◆ Required work
Return the entries below word for word. No picture belongs in the copy.

+++ Records to process

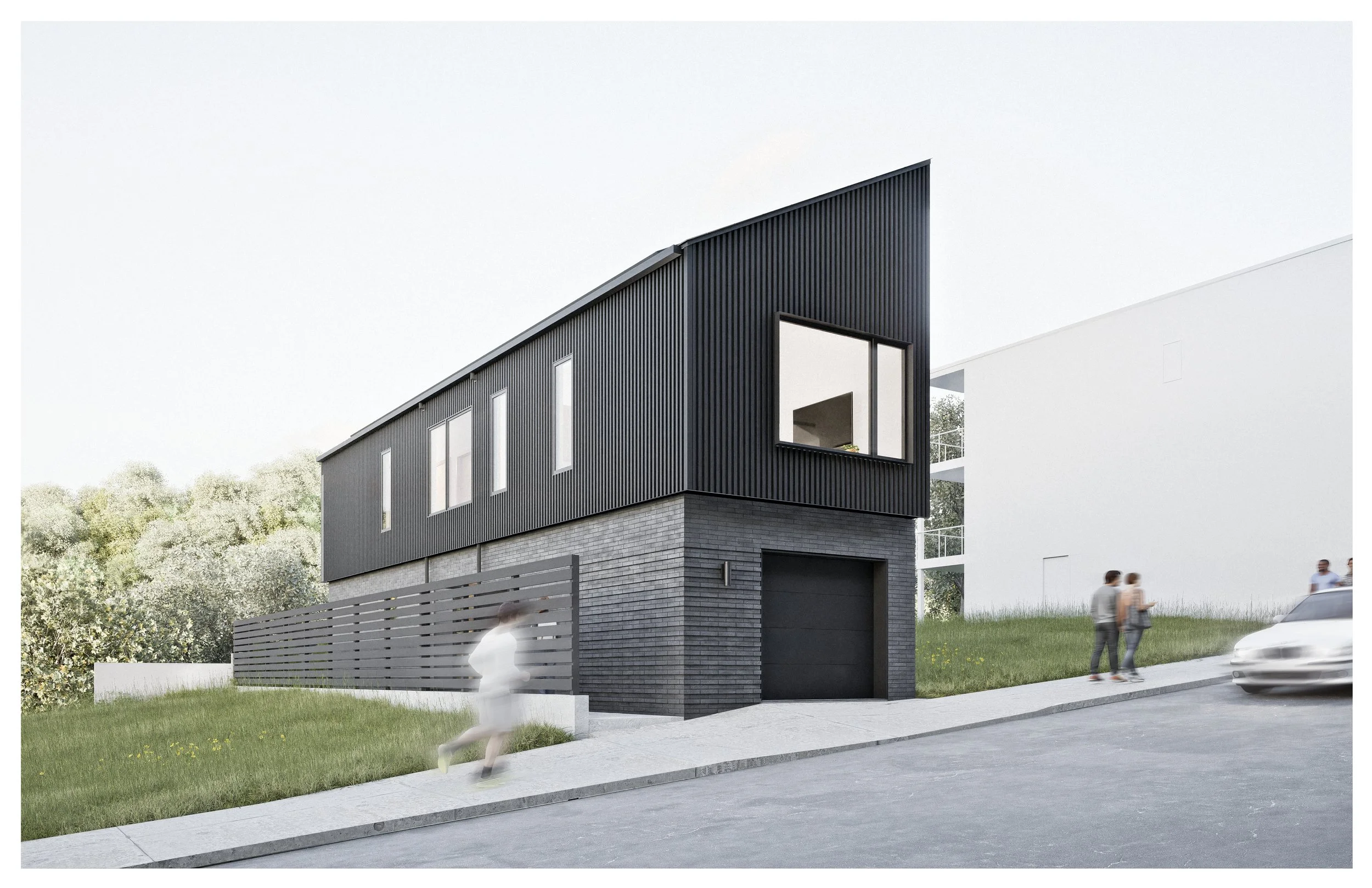 This infill prototype serves as a model for affordable, high-density urban development, designed to support a more space-efficient lifestyle. Its simple design, ease of deployment, and scale challenge the spatial norms of suburban living—such as multi-car garages and expansive private lawns—by encouraging residents to embrace compact, walkable environments that prioritize shared spaces, public transit, and community-oriented design.
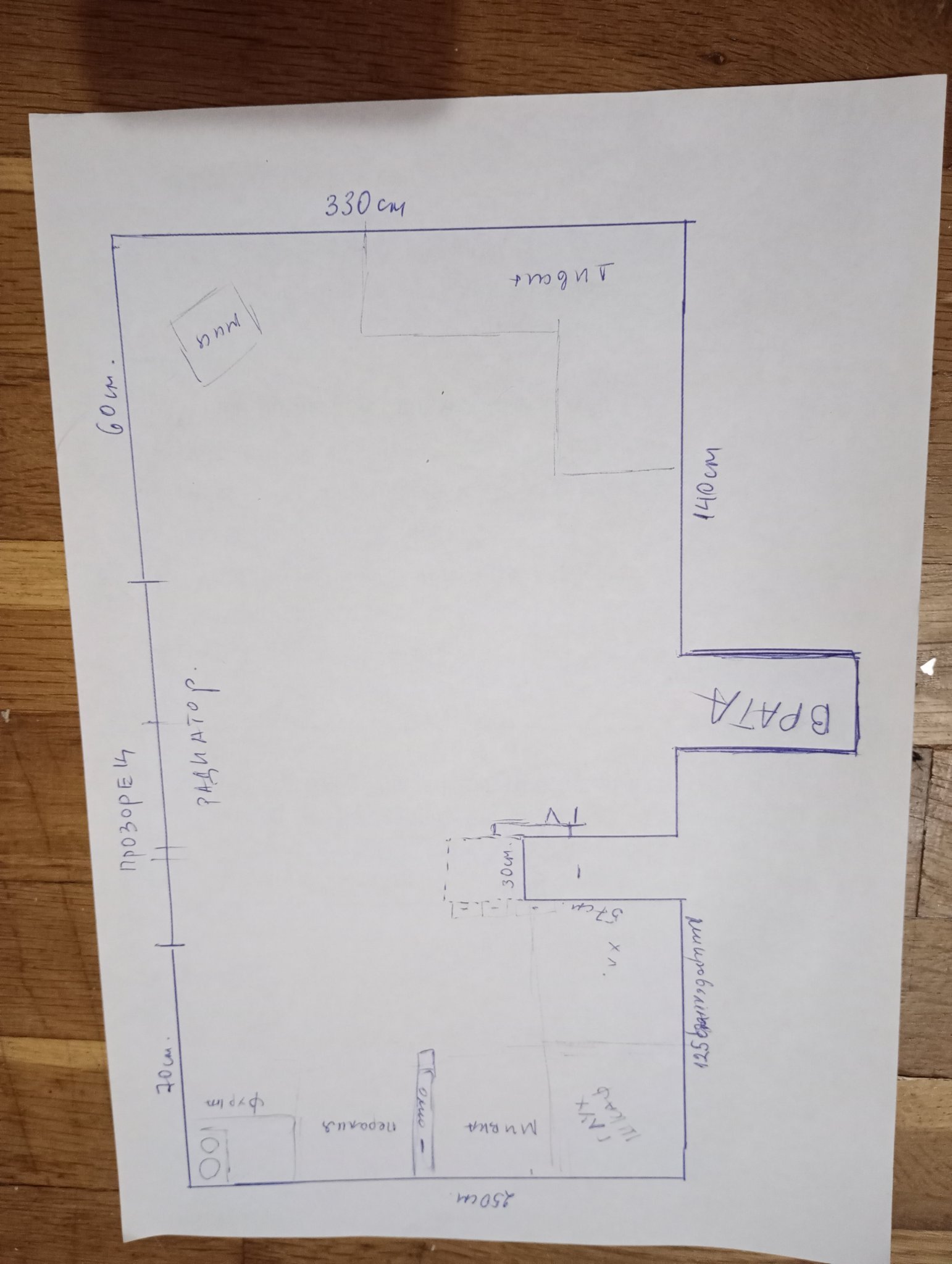 Имам нужда от идеи за това помещение ще бъде малка кухня и хол .Проблем е липсата на място за солни шкафове ,затова има идея за вградени в колоната която ще се доизгради и ще отделя кухня от хол .От другата страна на колоната ще има телевизор .
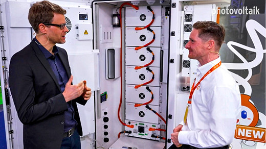 PV on Tour: Solis stellt die neue Evercore-Reihe vor. Sie kombiniert Speichersysteme mit 100 Kilowatt und 120 Kilowattstunden mit einem Hybridwechselrichter für 50 oder 60 Kilowatt. Die größere Variante kann bis zu 261 Kilowattstunden speichern. Produktexperte René Gelfert erläutert, wie Wechselrichter, Batterie und Energiemanagementsystem ein kraftvolles Paket bilden.
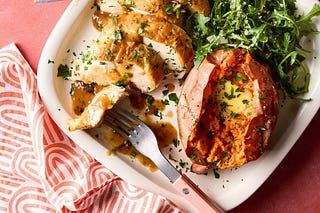 roast chicken with onion gravy and sweet potatoes
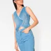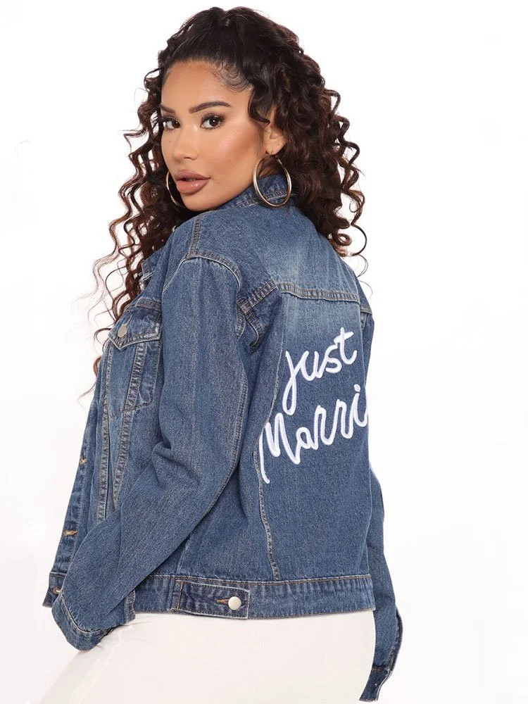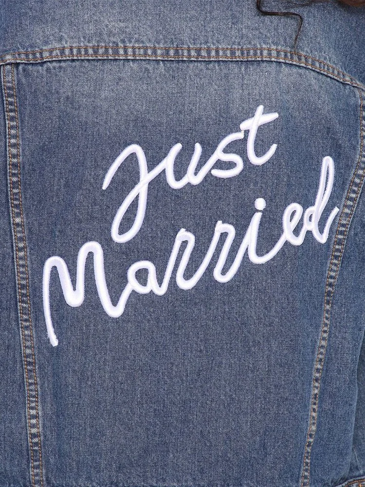 Chaqueta de jeans con bordado de frase “Just Married” en la espalda.

++++++

◆ Output
 This infill prototype serves as a model for affordable, high-density urban development, designed to support a more space-efficient lifestyle. Its simple design, ease of deployment, and scale challenge the spatial norms of suburban living—such as multi-car garages and expansive private lawns—by encouraging residents to embrace compact, walkable environments that prioritize shared spaces, public transit, and community-oriented design.
 Имам нужда от идеи за това помещение ще бъде малка кухня и хол .Проблем е липсата на място за солни шкафове ,затова има идея за вградени в колоната която ще се доизгради и ще отделя кухня от хол .От другата страна на колоната ще има телевизор .
 PV on Tour: Solis stellt die neue Evercore-Reihe vor. Sie kombiniert Speichersysteme mit 100 Kilowatt und 120 Kilowattstunden mit einem Hybridwechselrichter für 50 oder 60 Kilowatt. Die größere Variante kann bis zu 261 Kilowattstunden speichern. Produktexperte René Gelfert erläutert, wie Wechselrichter, Batterie und Energiemanagementsystem ein kraftvolles Paket bilden.
 roast chicken with onion gravy and sweet potatoes
 Chaqueta de jeans con bordado de frase “Just Married” en la espalda.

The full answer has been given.